SELECT DISTINCT SPJ.jnum

FROM SPJ, (SELECT snum, jnum

FROM SUPPLIER, JOB

WHERE NOT (SUPPLIER.CITY = JOB.CITY)) R

WHERE spj.jnum = r.jnum;

Result:

JNUM

---

J1

J2

J3

J4

J5

J6

J7

--Q2b: b.Print the projects that are not supplied with any red part by any London supplier.

SELECT DISTINCT SPJ.jnum

FROM SPJ

WHERE SPJ.jnum NOT IN

(SELECT DISTINCT jnum

FROM SPJ,

(SELECT * FROM SUPPLIER WHERE (SUPPLIER.city = 'London')) R1,

(SELECT * FROM PART WHERE (PART.color = 'Red')) R2

WHERE

R2.city = R1.city and SPJ.snum = R1.snum and SPJ.pnum = R2.pnum) ;

or

SELECT DISTINCT SPJ.jnum

FROM SPJ

MINUS

SELECT DISTINCT jnum

FROM SPJ,

(SELECT * FROM SUPPLIER WHERE (SUPPLIER.city = 'London')) R1,

(SELECT * FROM PART WHERE (PART.color = 'Red')) R2

WHERE

R2.city = R1.city and SPJ.snum = R1.snum and SPJ.pnum = R2.pnum ;

Result:

JNUM

---

J2

J5

J6

-- Q2c Print the parts that are supplied to all projects in London

SELECT pnum-- set 1, all shipments

FROM SPJ

MINUS

SELECT DISTINCT T1.pnum -- set 2, parts not supplied to London

FROM

(SELECT DISTINCT SPJ.pnum, JOB.jnum -- set 3, parts used by London projects

FROM SPJ, JOB

WHERE JOB.city = 'London'

MINUS

SELECT DISTINCT pnum, jnum FROM SPJ) T1;-- set 4, all parts and projects -- that get shipment

Result:

PNUM

---

P3

P5

-- Q2d. d.For each part being supplied to a project, print the part number, the project number, and the corresponding total quantity.

SELECT pnum, jnum, SUM(qty)

FROM SPJ

GROUP BY pnum, jnum;

Result:

PNUMJNUM SUM(QTY)

------

P1 J1 200

P1 J4 800

P2 J2 200

P2 J4 100

P3 J1 600

P3 J2 200

P3 J3 200

P3 J4 700

P3 J5 600

P3 J6 400

P3 J7 800

PNU JNU SUM(QTY)

------

P4 J2 500

P4 J4 800

P5 J2 100

P5 J4 400

P5 J5 500

P5 J7 100

P6 J2 200

P6 J3 300

P6 J4 500

P6 J7 300

21 rows selected.

-- Q2e. For each supplier, print the total number of parts being supplied to all projects.

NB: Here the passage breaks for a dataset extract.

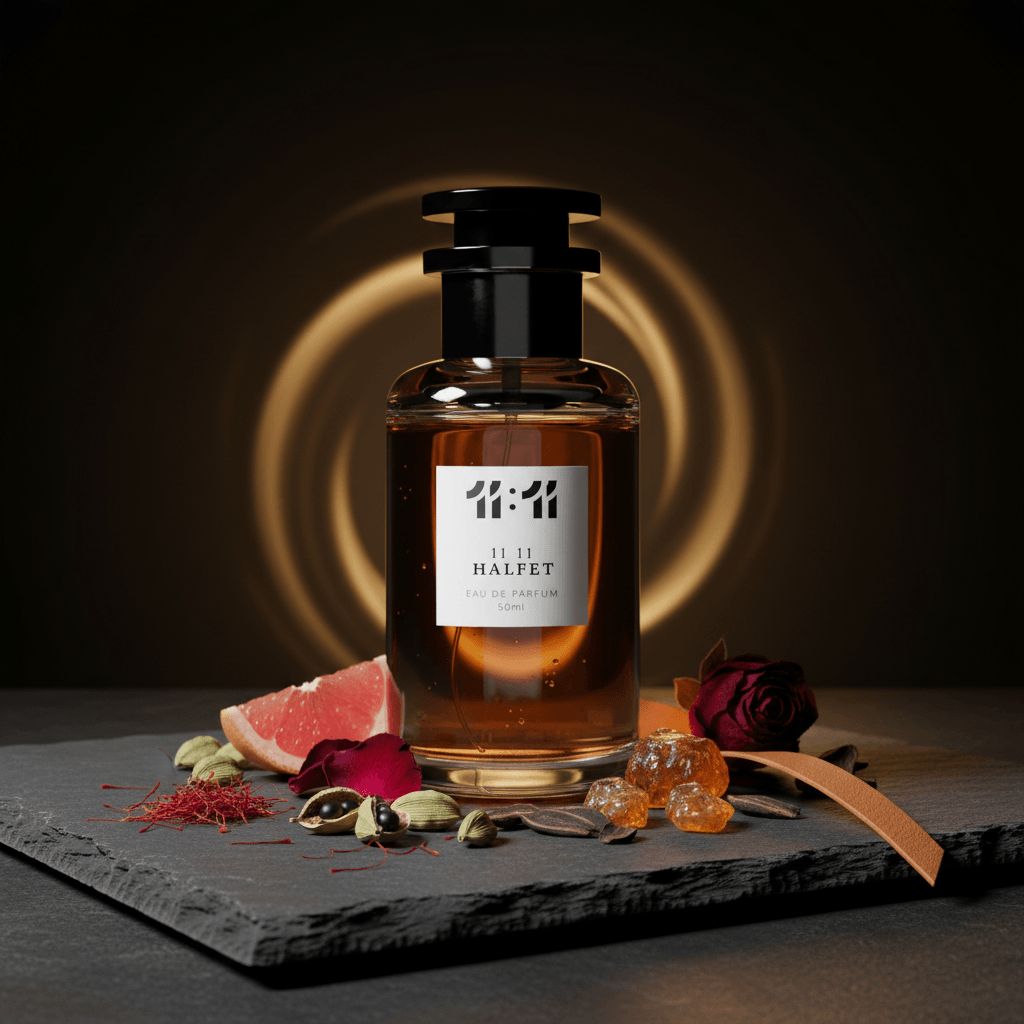 غامض، غني، وآسر. 11 11 هالفِت هو مزيج شرقي جريء يبدأ بنفحات حارة من الهيل والزعفران والحمضيات، ليتدرج إلى قلبٍ يزهر بالورد وجوزة الطيب والعود. أما القاعدة فهي عميقة ودافئة تجمع بين الجلد والعنبر وخشب الصندل، لتترك أثراً مغرياً ولا يُنسى. عطر فاخر ينطق بالقوة والأناقة والغموض.
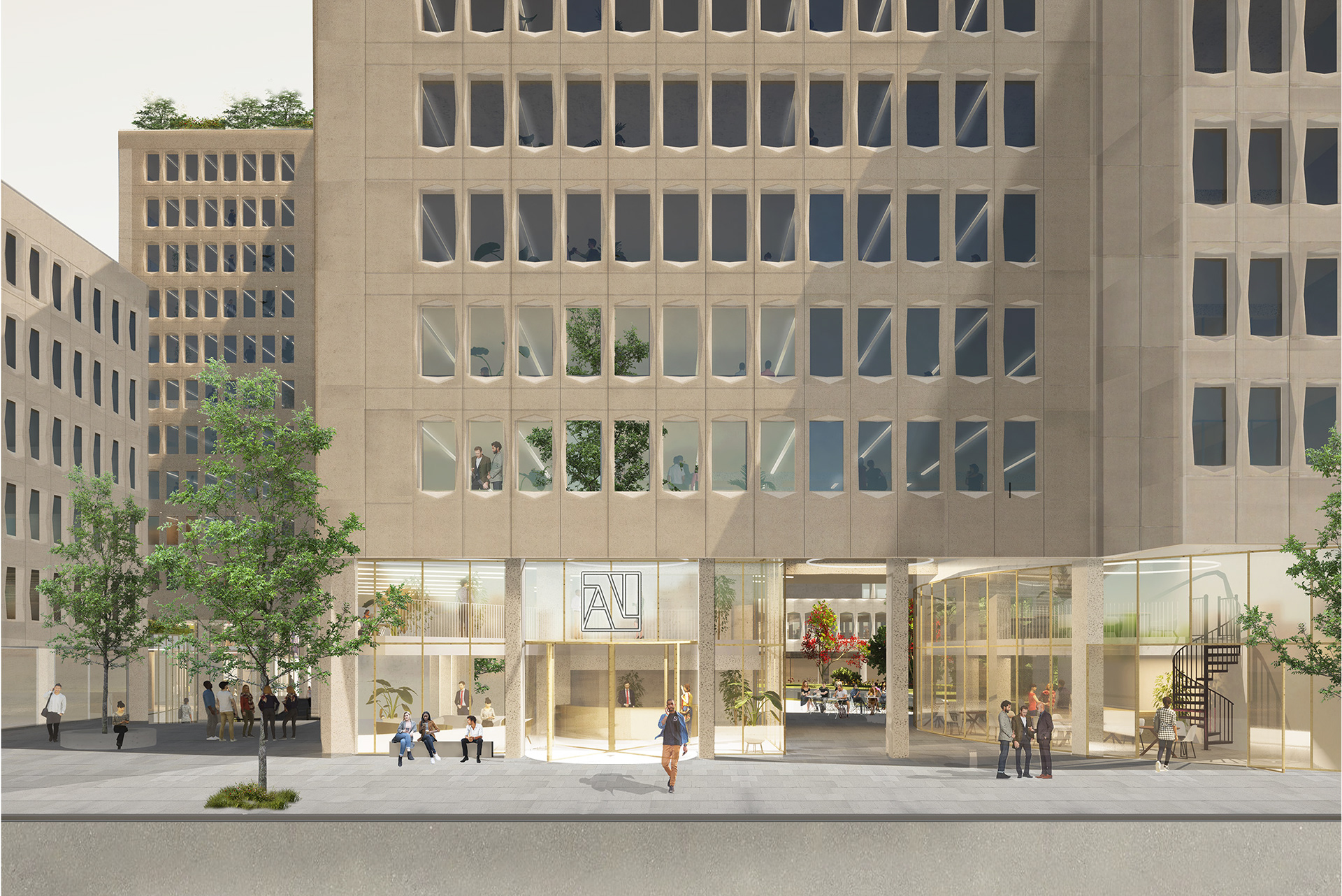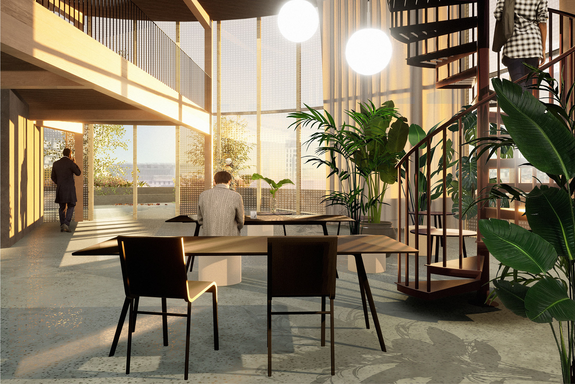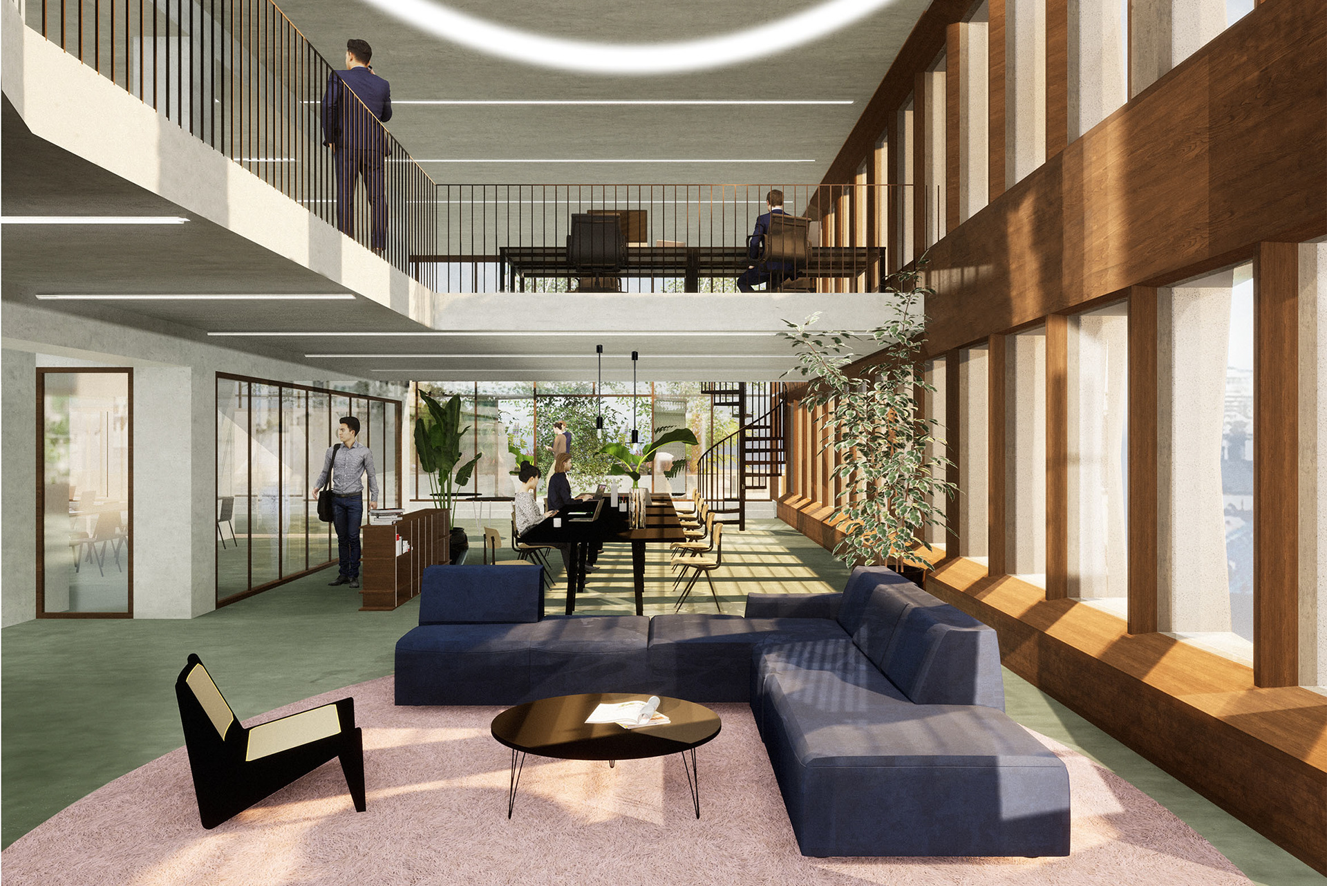The A\Tlier competition is a renovation project of an iconic seventies office building located in the European quarter in Brussels. It results from a collaborative research and design process on a historical, urban, architectural, and technical level. The proposal reinforces the iconic value of the building and the implications of the 21st-century contemporary office. These were achieved through a number of specific interventions, which considered the silhouette, ground floor activation, plan, and sections of the building.

SELECT snum, SUM(qty) FROM SPJ GROUP BY snum;

Result:

SNU SUM(QTY)

------

S1 900

S2 3200

S3 700

S4 600

S5 3100

-- Q2f. Print the supplier numbers for suppliers supplying some project with part P1 in a quantity greater than the average shipment quantity of part P1 for that project.

SELECT SPJ.snum

FROM SPJ, (SELECT jnum, avg(qty) projectAvg

FROM SPJ

WHERE pnum = 'P1'

GROUP BY jnum) R1

WHERE SPJ.pnum = 'P1' and SPJ.qty > R1.projectAvg AND SPJ.jnum = R1.jnum;

-- or

SELECT R1.snum

FROM(SELECT * from SPJ WHERE pnum = 'P1') R1 ,

(SELECT jnum, avg(qty) projectAvg

FROM SPJ

WHERE pnum = 'P1'

GROUP BY jnum) R2

WHERE R1.qty > R2.projectAvg AND R1.jnum = R2.jnum;

Results

SNU

---

S1

-- Q3a. Change the city of all blue parts to Athens.

UPDATE PART SET city = 'Athens' WHERE color = 'Blue';

-- Q3b b.Delete all parts for which the total number of shipments is less than 1000.

DELETE FROM PART

WHERE PART.pnum IN

(SELECT pnum

FROM SPJ

GROUP BY pnum

HAVING sum(qty) < 1000);

-- or

DELETE FROM PART

WHERE PART.pnum = ANY

SELECT pnum

FROM SPJ

GROUP BY pnum

HAVING sum(qty) < 1000);

-- or (less efficient since a join is involved) (Join happy people would like this one!):

DELETE FROM PART

WHERE pnum IN

(SELECT PART.pnum

FROM PART, SPJ

WHERE PART.pnum = SPJ.pnum

GROUP BY SPJ.pnum, PART.pnum

HAVING sum(SPJ.qty) < 1000);

-- Q3c. Insert a new project (J8) into relation J. The name and city are Multimedia and San Francisco, respectively.

INSERT INTO JOB values ('J8', 'Multimedia', 'San Franncisco');

-- if your orginial name and/or city attribute size is not large enough for this new data, then you will need to modify the column width using the ALTER TABLE tableName MODIFY (columnName newDataDeclaration); For example, to change city's size to 20:

ALTER TABLE JOB MODIFY (city varchar(20));